— А тебя туда звали? — прищурилась мама.
— Ну это я так… в принципе, — сразу стушевался Тимохин.
Прибежал Филипп — и казалось, и без того короткие волосы на затылке у него стояли дыбом. Шагнув в кукольную комнату, он метался от одной куклы к другой, разглядывал ваги и ощупывал гапиты.
— Точно. Сломаны, — процедил он сквозь зубы и уставился на Сашка.
— Чего смотришь? Отвали, козлина, — беззлобно огрызнулась она и отвернулась, чтоб не видеть, как он ее гипнотизирует.
Нелепым катерком двигал по коридору Олежек. Он нервно загребал ногами, как ластами. Лицо его было совсем белым, а глаза выцвели еще больше и стали совсем прозрачными.
— Ну что? — кинулся он к Филиппу и схватил его за рукав.
— Что-что, — хмуро отозвался Филипп, — все куклы сломаны. Те, что сегодня заняты в спектакле — тоже.
Все снова загалдели и загудели: «Бардак!», «В этом театре!», «Как играть с болванками?», «Вечно актеры — крайние!»

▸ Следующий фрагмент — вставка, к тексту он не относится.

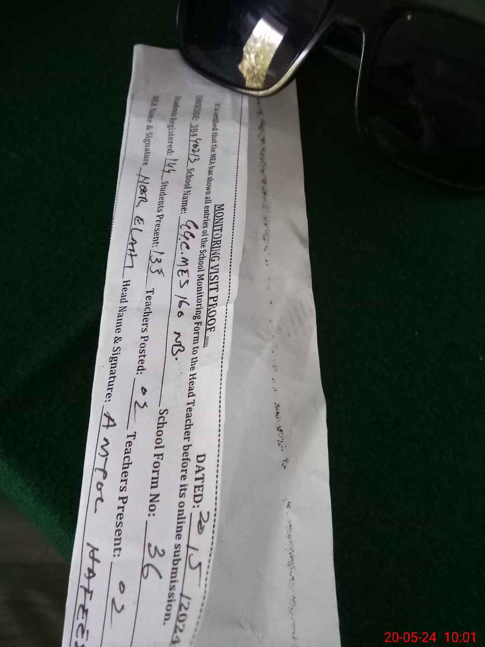 | Certified that this School was Inspected by the Undersigned MEA/DMO Today and the Information Stated Above is as Per Record. | |||||

— Кто это сделал? — взвизгнул Олежек, и сзади было видно, что голова его мелко-мелко трясется.
Стало тихо. Уже никто не кричал. И даже папа затушил сигарету. Даже Поп Гапон стоял тихо-тихо.
И театр притих тоже.
Сэм — я видел — старался изо всех сил не смотреть на меня.
Глаза Олежека метались, словно вот-вот сломаются, как у старой усталой куклы.
А потом остановились на Сашке.
— Ты? — тихо сказал Олежек. — Это ты сделала?
— И прибавил: — Твоим родителям придется все оплатить.
«Это я сделал!» — хотел уже сказать я и даже сделал полшага вперед набрав полную грудь воздуха.
Но не успел.
Потому что Филипп торопливо и громко бросил:
— Ну ладно — это я был. Я сломал.
И все-все уставились на Филиппа: и Сэм, и Олежек, и мама с папой, и Поп Гапон.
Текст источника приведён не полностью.